Hour for hour Lambda School is about 75% the length of the core track of a CS
degree + homework (we’re now almost 8 months, not including required precourse
work: ~1500 hours). We also teach what we consider the requisite CS
fundamentals (for example architecture, operating systems, system
calls/processes). Students write a lot of C, etc.

We started Lambda School specifically because we didn’t feel right sending
folks to code bootcamps where tbey’ll plateau because they lack fundamentals.

Try interviewing a student or two: we’ve had employers come to us saying,
“Well we need Java engineers with a CS degree” that have now come back with
requests to hire 50 students. Email hiringpartners@lambdaschool.com and I’ll
happily set it up (goes for all of HN).

------
mattcantstop
I love what Lambda School is doing. I was part of the first cohort of the
first ever coding bootcamp. It felt so scary to move to Chicago to
participate, but it seemed so promising. It has worked out so well for myself
and my family, but I recognize that there are so many people out there who
financially could not do what I did at the time (I took out a loan to go and
my wife and three kids moved in with my in-laws).

This school is solving a very real problem and giving hope to so many people
who feel trapped in their current situation.

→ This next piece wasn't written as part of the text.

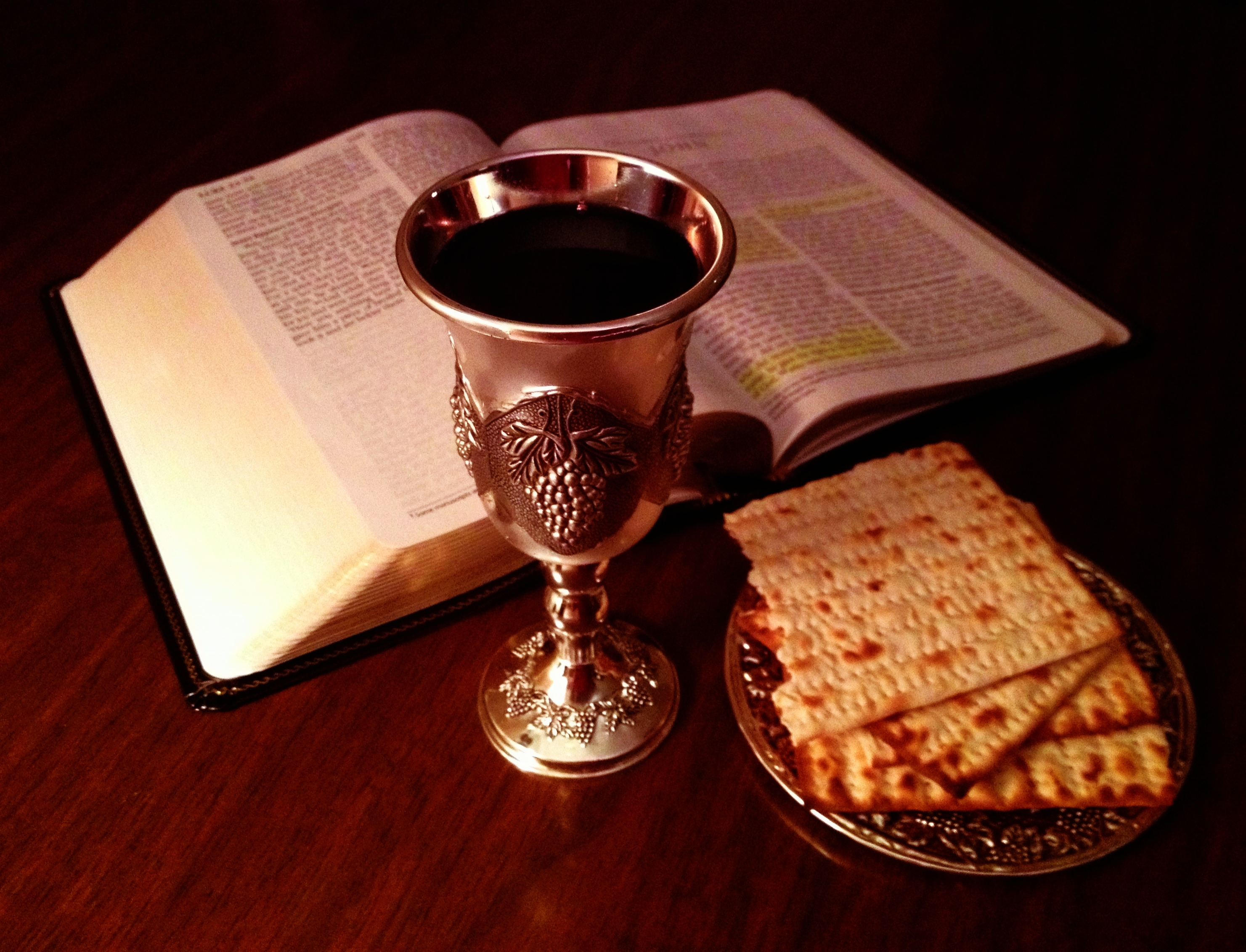 Lord's cup and bread and bible

I am really excited they are
getting this funding and looking forward to see what the school, and its
graduates, accomplish.

Great work team!

------
karterk
I have been following Lambda School and I am really happy to see them
succeeding in this space.

I've a question: how is Lambda School different from the other many other
coding bootcamp programs (apart from the unique model of paying the fee only
upon finding a job with adequate salary)?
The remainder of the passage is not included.